Fluoromethylation is an underexplored strategy in both medicinal chemistry and nuclear medicine, partly as a result of the complex synthetic methodology required to access the necessary structures. The alkylating fragment [18F]fluoromethyl 4-methylbenzenesulfonate (“[18F]fluoromethyl tosylate”) is well-established in radiochemistry for the automated, GMP-compatible radiosynthesis of [18F]fluoromethyl choline.5, 6 Consequently, it would be advantageous to access both the radiochemistry precursor and the stable isotope standard via the same fluoromethylation pathway to minimise synthetic effort. Fluoromethyl bromide and fluoromethyl iodide have been used in this capacity but are either a volatile greenhouse gas (FCH2Br) or are not commercially available and are troublesome to synthesise (FCH2I). Fluoromethyl tosylate is not volatile but current methods to access this reagent are typically low-yielding or use expensive reagents such as phase-transfer agents (Kryptofix K222 or 18-crown-6).7, 8 Herein, we report a method for rapid access to stable isotope fluoromethyl tosylate from inexpensive reagents to complement radiochemical methods to access [18F]fluoromethyl tosylate.

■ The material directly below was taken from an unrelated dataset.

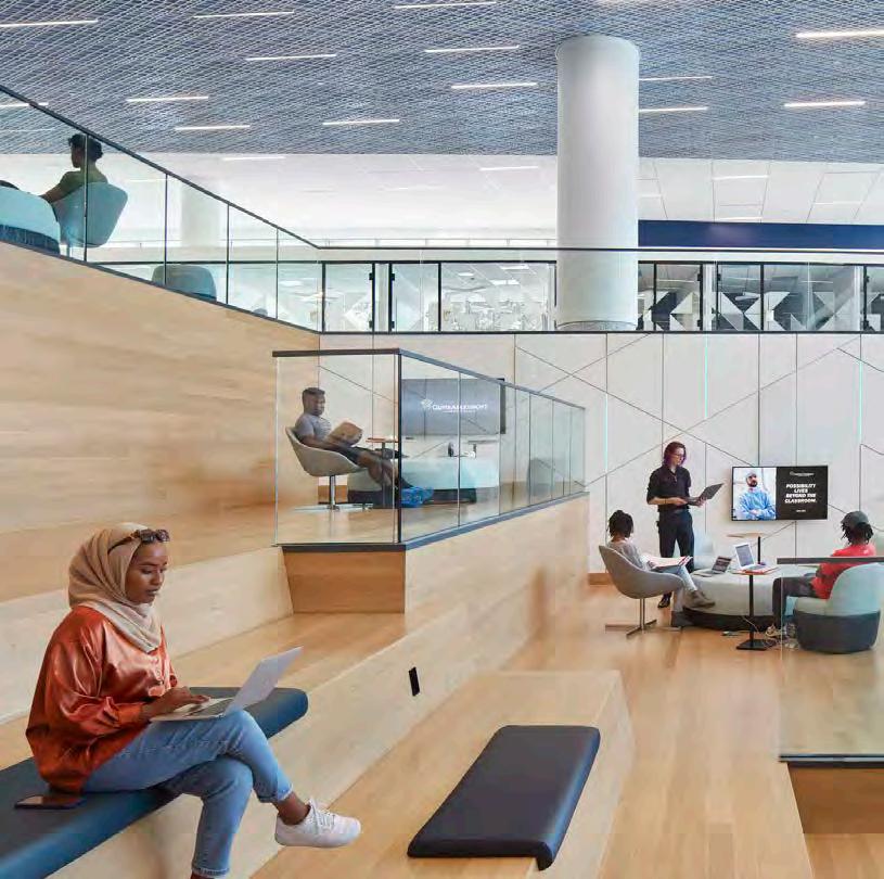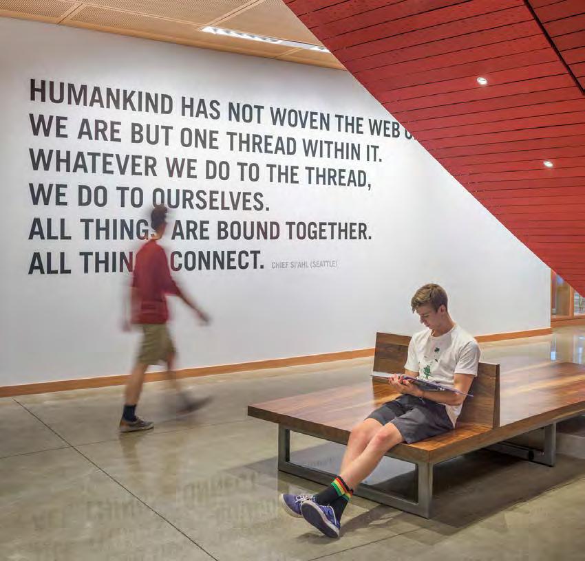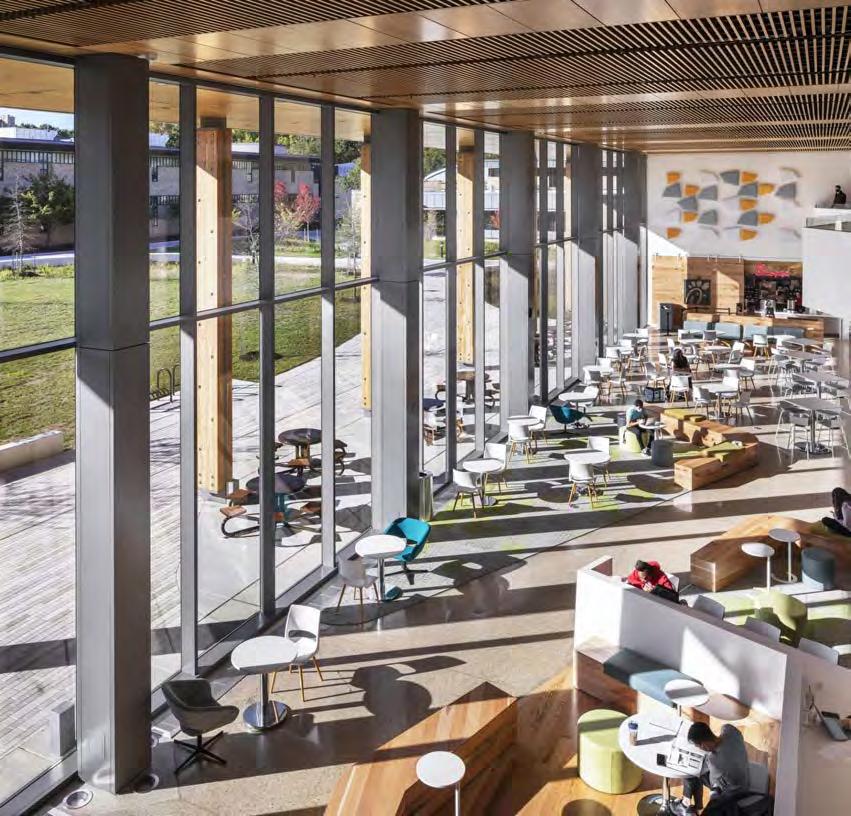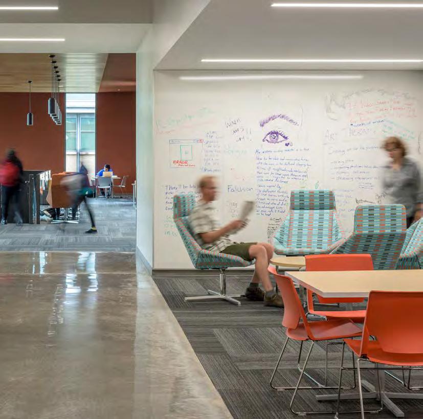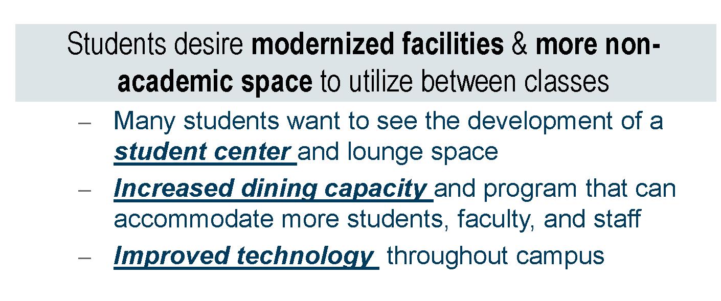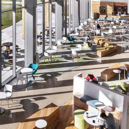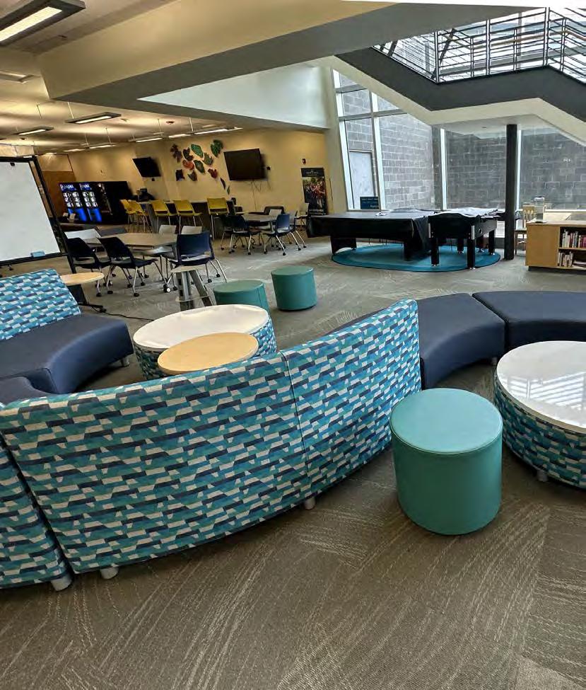 • Explore providing a student lounge in every building in or near front entry ideally coupled with food services (coffee/drinks and vending)

A survey of the literature was carried out to identify conditions for the conversion of methylene distosyate 1 to fluoromethyl tosylate 2, with minimal formation of the by-product tosyl fluoride 3 (Scheme 1). Our efforts to replicate previously reported conditions and also independently identify suitable reaction parameters are summarised in Table 1. When the fluorination was attempted in the presence of acetonitrile and using caesium fluoride (Entry 2) this reaction gave an inadequate 5% conversion. Conversion to the by-product p-tosyl fluoride 3 was identified by 1H NMR (see ESI for the 1H NMR spectrum of 3). The use of microwave heating to effect fluoride displacement of a sulfonate by Qu and co-workers provided a rationale for our investigation in this area.9 Previous reports have described radiolabelling via the nucleophilic fluorination of methylene distosylate in polar aprotic solvents.7, 8 Application of these conditions to a bulk scale with greatly increased stoichiometry of the fluoride source compared to the radiolabelling reaction (Entries 4 and 5) and more polar aprotic solvents yielded a 20% conversion to tosyl fluoride 3 again, with an inadequate conversion to 2. A potential alternative strategy for fluoride displacement of an alkyl sulfonate leaving group is the use of a tertiary alcohol solvent.10, 11 Gratifyingly, application of the reaction conditions reported by Kim and co-workers (Entry 7) yielded a 100% conversion to the fluoromethyl tosylate 2. It is thought that the partial positive charge of the polar protic solvent aids the fluoride ion by increasing its nucleophilicity through weakening of the ionic cesium-fluorine bond and enhancing the leaving group ability of the tosylate group through hydrogen bonding.11
Table 1.
Entry | Solvent | MF/catalyst (eq.) | Temp (°C) | Time (h) | Conversion (%)b |
Refs. | ||
---|---|---|---|---|---|---|---|---|
1 | 2 | 3 | ||||||
1c | MeCN | TBAF | 110 | 0.5 | 100 | – | – | This work |
2c | MeCN | CsF | 110 | 0.5 | 95 | 5 | – | This work |
3 | MeCN | KF/K222 (1.4) | 110 | 1 | 85 | 15 | – | 8 |
4 | DMF | CsF | 120 | 24 | 75 | 5 | 20 | This work |
5 | DMSO | CsF | 120 | 24 | 100 | – | – | This work |
6c | THF | TBAF | 110 | 0.5 | 100 | – | – | 9 |
7d | t-Amyl alcohol | CsF | 80 | 6 | – | 100 | – | 10 |
8d | t-BuOH | CsF | 80 | 6 | 57 | 43 | – | 10 |
Unless otherwise stated, all reactions were carried out using 0.06 mmol of 1, 0.12 mmol of CsF, in 1 mL of the specified solvent.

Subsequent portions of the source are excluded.